Television New Zealand bosses this week announce annual results expected to reflect a tough advertising market and tight finances.
Yet the broadcaster may not try to recover $200,000 of public money caught up in the February 26 receivership and restructuring of a longtime supplier, Ninox Television.
Ninox has been one of New Zealand's most prolific programme-makers and under its producer and managing director David Baldock it made hits like Sensing Murder, Location Location, Location and Mitre 10 Dream Home.
Last year TVNZ commissioned Ninox to make a four-part documentary series Double Lives and allocated $750,000 of taxpayer funds.
TVNZ says it paid $488,000 to make the show - about people who led double lives - in advance because it was made on short notice. According to TVNZ figures, it paid around $280,000 for one episode that it had to rework and on research for three episodes that were never made.
TVNZ says it is comfortable this spending was accounted for.
But TVNZ said that the remaining amount "about $200,000" of public money was among $1,051,300 owed to unsecured creditors.
Ninox went into receivership on February 26 and its name was changed to NTV Limited ( in receivership) under receivers at PKF Corporate Recovery and Insolvency.
Ninox was placed in receivership at the behest of the company's major backer, Gary Hannam.
The PKF receivers' first report said "it appears that the lack of agreement amongst various directors and shareholders on various issues led to a breakdown in the governance of the company."
TVNZ spokeswoman Megan Richards said the broadcaster was making claim with the NTV Receivers PKF Corporate Recovery and Insolvency.
"But the reality is that we will be well down the line of creditors."
"We are also considering whether legal action is open to us, and whether the outcome would justify the expenses involved," she said.
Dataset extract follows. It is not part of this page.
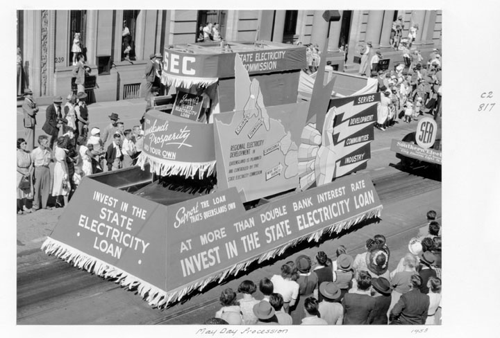 May Day Procession. (The photograph depicts the State Electricity Commission float.)

While tiny compared with TVNZ's production budget, the loss of $200,000 of public money was only revealed after queries by the Business Herald.
TVNZ says it handed over the last cash to Ninox in December 2008.
TVNZ is standing by its oversight of public money saying the non-delivery of funded shows was extremely rare.
Megan Richards said the upfront payment for $488,000 was standard practice in the TV industry and explained how the public money came to be caught up in the receivership.
"We were told by the financier of Ninox that the company was going into receivership, but that this was a restructuring matter and a new company would be formed to take over the assets, so our production schedule would not be affected.
"We were given assurances that the production of Double Lives was proceeding according to budget but that delivery would be delayed.
Once the receivership took effect, no further money was paid to Ninox for the programme, she said.
After the receivership Ninox managing director and programme-maker David Baldock also parted company with the firm.
"When the first rough cut of Double Lives was presented a couple of months ago, it was apparent that it was not up to standard," Richards said.
"We asked for certain improvements to be made but the company advised they did not have the money to do this. We are naturally very unhappy with this result," Richards said.
Ninox Television director John McEwen could not be reached for comment.